* [WHAT YOU SHOULD DO]:
Could you restate word for word only the lines below from the one holding "Acte de naissance" to the one holding "お宿のロビーのお花💐高さが天井近くまでありました💕", inclusive, and leave out the pictures?
══ DATA SUPPLIED
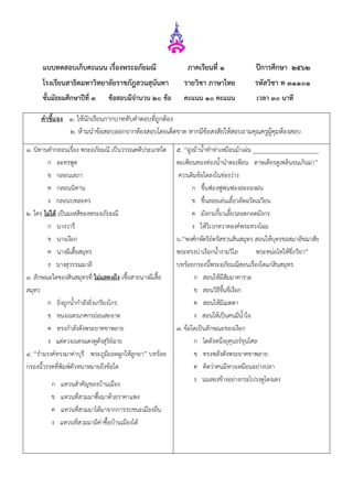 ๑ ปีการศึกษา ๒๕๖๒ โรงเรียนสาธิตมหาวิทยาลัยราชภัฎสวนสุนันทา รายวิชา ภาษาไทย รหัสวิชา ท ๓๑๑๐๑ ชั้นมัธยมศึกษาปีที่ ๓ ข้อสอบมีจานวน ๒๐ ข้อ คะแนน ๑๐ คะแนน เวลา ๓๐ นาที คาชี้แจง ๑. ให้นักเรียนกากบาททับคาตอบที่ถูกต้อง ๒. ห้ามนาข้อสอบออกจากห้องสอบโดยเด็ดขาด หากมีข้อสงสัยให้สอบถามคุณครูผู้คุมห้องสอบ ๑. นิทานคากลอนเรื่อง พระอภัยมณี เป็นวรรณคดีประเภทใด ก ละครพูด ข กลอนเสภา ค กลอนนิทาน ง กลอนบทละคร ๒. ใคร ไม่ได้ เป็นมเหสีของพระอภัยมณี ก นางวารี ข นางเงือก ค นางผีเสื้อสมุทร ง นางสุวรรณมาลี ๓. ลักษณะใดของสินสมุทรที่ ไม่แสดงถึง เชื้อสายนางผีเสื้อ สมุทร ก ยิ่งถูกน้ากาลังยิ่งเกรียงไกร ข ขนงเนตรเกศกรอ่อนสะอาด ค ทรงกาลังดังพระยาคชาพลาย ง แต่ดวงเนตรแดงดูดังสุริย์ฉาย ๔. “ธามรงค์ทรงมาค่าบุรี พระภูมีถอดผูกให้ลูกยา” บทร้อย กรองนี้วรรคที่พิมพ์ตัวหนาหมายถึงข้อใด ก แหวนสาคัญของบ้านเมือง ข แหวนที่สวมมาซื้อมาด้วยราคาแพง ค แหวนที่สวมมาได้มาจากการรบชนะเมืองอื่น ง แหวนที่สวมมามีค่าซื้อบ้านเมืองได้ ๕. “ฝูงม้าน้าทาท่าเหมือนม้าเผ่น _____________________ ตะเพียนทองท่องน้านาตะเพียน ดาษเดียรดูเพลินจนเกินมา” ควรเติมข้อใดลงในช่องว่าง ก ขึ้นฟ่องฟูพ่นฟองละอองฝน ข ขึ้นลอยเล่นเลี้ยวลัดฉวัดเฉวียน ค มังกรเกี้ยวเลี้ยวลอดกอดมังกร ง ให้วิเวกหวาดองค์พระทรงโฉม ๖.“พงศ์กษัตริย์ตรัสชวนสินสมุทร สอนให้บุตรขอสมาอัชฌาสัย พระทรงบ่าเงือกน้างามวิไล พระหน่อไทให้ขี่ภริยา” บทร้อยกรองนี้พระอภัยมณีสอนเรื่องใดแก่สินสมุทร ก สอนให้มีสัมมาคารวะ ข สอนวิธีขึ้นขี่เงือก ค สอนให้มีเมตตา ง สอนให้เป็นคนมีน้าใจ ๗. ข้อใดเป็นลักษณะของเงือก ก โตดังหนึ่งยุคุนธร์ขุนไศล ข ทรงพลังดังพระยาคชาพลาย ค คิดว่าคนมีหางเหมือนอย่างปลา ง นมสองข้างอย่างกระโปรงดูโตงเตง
════
══ DATA SUPPLIED
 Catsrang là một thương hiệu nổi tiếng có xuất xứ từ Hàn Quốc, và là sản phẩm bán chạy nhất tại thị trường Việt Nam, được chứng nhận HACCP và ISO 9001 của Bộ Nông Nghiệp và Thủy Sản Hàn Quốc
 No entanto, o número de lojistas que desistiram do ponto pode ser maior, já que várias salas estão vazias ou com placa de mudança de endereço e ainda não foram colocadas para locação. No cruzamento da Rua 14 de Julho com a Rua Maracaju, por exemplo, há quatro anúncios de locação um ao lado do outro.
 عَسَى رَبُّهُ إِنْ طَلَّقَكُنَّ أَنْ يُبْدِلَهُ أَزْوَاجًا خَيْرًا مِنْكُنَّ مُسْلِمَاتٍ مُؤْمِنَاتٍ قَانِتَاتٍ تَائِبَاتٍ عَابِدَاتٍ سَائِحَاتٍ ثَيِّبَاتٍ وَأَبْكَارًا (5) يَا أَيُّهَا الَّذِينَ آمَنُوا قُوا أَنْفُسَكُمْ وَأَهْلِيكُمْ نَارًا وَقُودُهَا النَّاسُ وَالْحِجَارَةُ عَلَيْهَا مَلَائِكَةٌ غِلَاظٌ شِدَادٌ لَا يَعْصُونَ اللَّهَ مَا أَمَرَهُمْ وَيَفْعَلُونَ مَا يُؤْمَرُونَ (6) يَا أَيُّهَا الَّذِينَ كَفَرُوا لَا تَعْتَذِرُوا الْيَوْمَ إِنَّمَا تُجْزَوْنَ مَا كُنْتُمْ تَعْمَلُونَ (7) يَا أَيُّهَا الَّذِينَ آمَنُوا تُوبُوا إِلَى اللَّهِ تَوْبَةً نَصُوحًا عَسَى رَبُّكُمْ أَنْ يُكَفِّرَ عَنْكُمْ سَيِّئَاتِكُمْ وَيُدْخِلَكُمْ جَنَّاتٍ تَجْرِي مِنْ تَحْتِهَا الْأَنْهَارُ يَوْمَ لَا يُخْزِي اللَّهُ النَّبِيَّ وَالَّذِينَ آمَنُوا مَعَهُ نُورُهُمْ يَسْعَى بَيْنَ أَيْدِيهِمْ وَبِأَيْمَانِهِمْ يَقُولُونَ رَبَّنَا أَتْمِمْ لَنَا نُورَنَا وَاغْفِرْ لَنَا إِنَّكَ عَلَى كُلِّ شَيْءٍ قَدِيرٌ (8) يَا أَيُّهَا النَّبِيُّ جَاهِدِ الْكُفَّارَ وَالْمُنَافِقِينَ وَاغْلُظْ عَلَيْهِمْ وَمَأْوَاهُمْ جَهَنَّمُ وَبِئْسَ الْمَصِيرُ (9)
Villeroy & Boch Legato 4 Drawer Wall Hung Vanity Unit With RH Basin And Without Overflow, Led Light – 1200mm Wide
════
══ DATA SUPPLIED
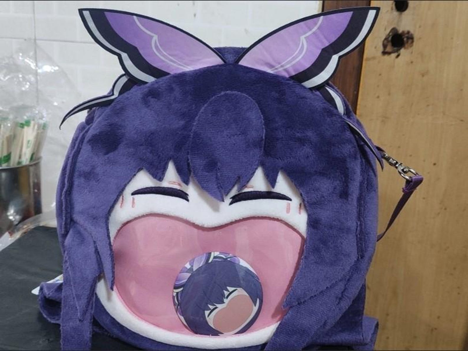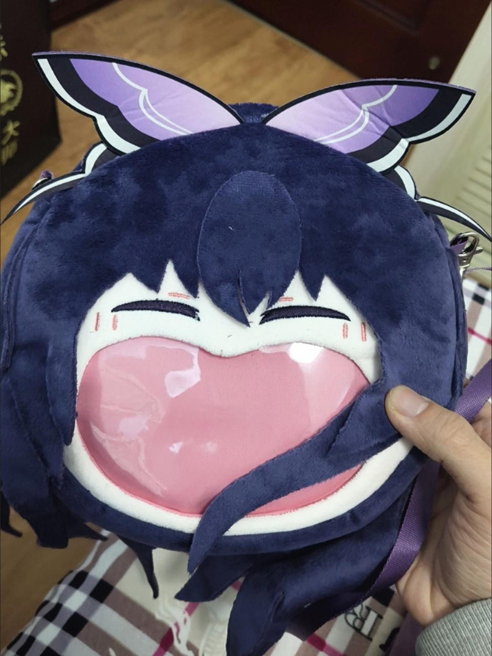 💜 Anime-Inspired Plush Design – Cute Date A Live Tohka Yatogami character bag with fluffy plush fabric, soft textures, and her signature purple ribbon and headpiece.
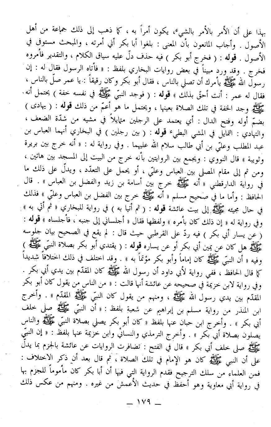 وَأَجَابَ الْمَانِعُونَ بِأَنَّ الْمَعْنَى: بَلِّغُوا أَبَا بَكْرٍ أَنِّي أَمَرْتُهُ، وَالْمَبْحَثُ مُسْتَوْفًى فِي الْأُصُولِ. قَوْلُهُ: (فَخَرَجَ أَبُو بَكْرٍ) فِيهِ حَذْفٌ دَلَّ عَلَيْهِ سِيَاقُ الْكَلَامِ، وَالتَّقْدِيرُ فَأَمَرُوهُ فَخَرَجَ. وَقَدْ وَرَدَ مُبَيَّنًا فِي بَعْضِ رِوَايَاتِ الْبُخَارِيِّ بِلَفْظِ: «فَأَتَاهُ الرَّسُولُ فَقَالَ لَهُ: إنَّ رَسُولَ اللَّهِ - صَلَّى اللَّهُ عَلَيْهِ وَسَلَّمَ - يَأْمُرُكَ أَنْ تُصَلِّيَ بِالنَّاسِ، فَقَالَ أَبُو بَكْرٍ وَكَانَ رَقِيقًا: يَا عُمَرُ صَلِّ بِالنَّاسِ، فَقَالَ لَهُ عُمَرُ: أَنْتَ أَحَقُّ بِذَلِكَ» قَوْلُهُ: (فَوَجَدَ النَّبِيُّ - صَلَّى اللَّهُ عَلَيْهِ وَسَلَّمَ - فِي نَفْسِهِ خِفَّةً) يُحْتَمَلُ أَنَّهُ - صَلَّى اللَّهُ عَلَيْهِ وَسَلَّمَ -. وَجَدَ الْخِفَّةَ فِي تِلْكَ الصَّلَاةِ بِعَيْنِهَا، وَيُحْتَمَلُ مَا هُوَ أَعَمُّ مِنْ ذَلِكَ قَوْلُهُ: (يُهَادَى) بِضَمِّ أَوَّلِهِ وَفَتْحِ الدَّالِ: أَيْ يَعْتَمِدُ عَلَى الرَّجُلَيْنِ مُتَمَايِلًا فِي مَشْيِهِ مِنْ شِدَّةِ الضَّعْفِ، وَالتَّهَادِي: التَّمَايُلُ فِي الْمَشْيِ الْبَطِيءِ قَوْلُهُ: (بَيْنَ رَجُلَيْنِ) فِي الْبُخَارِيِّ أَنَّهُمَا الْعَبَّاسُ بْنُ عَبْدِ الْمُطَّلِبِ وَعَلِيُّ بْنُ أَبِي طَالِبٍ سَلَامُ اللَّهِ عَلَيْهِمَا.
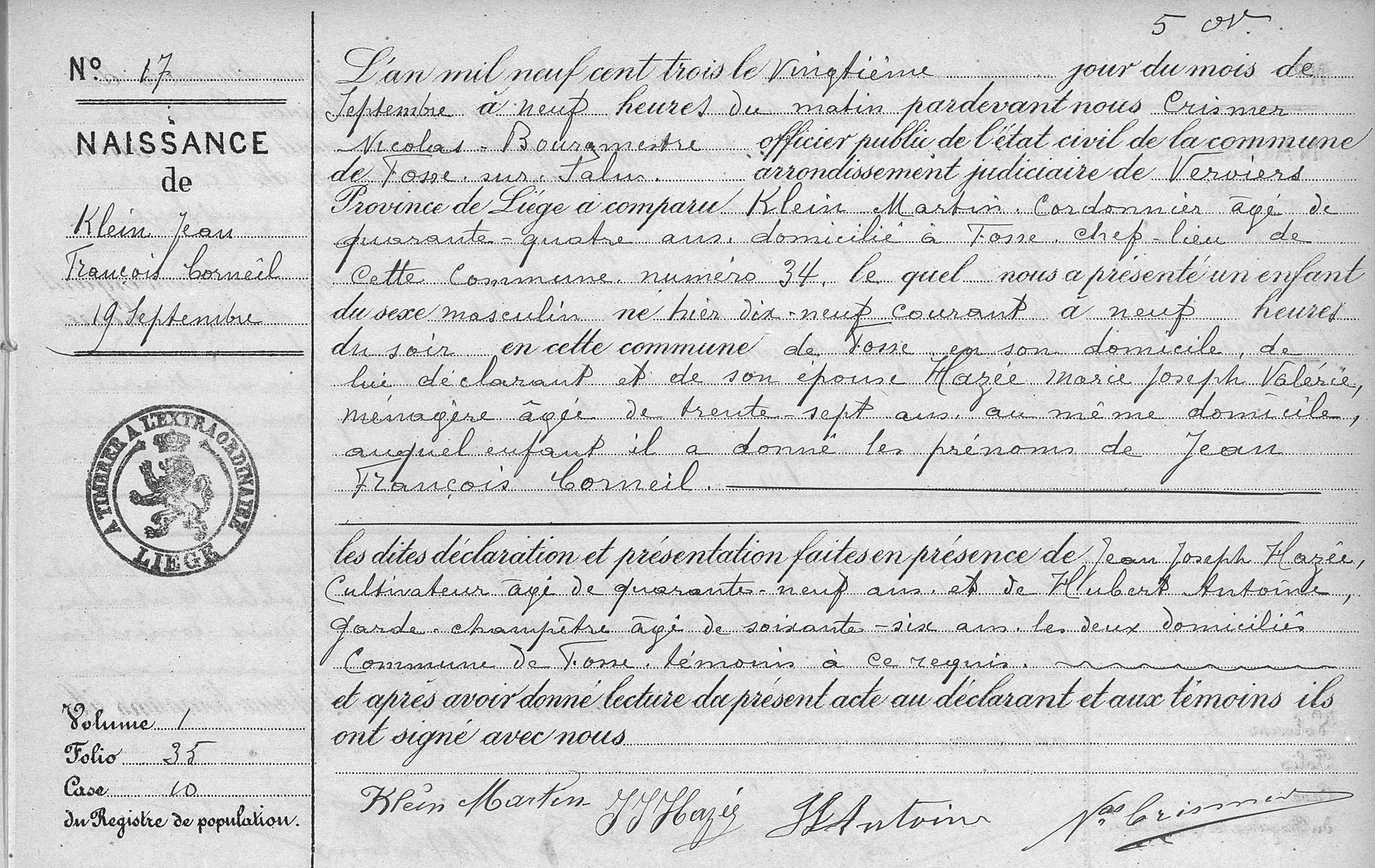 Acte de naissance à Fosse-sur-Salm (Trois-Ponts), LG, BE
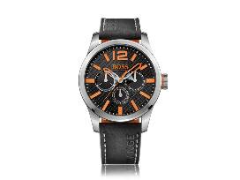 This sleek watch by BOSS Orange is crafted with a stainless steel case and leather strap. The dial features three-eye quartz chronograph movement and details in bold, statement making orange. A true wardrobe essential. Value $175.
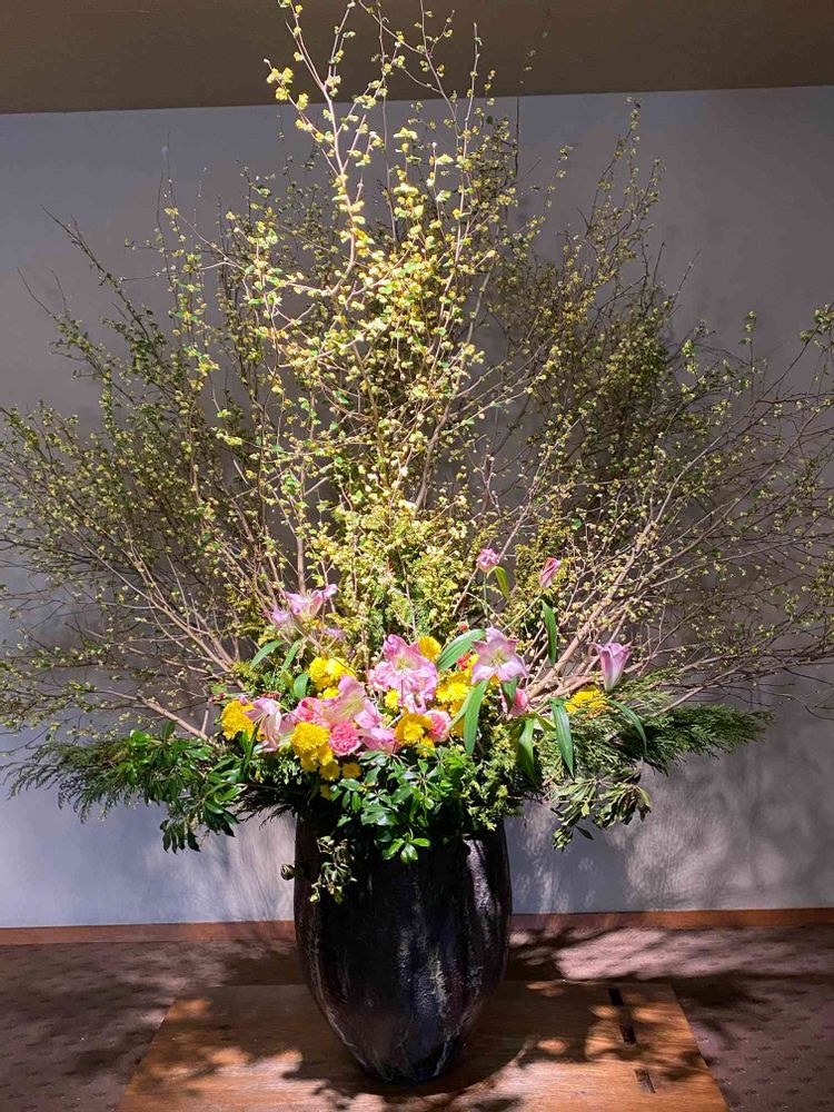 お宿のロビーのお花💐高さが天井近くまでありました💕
════
* [PROBLEM SOLUTION]:
 Acte de naissance à Fosse-sur-Salm (Trois-Ponts), LG, BE
 This sleek watch by BOSS Orange is crafted with a stainless steel case and leather strap. The dial features three-eye quartz chronograph movement and details in bold, statement making orange. A true wardrobe essential. Value $175.
 お宿のロビーのお花💐高さが天井近くまでありました💕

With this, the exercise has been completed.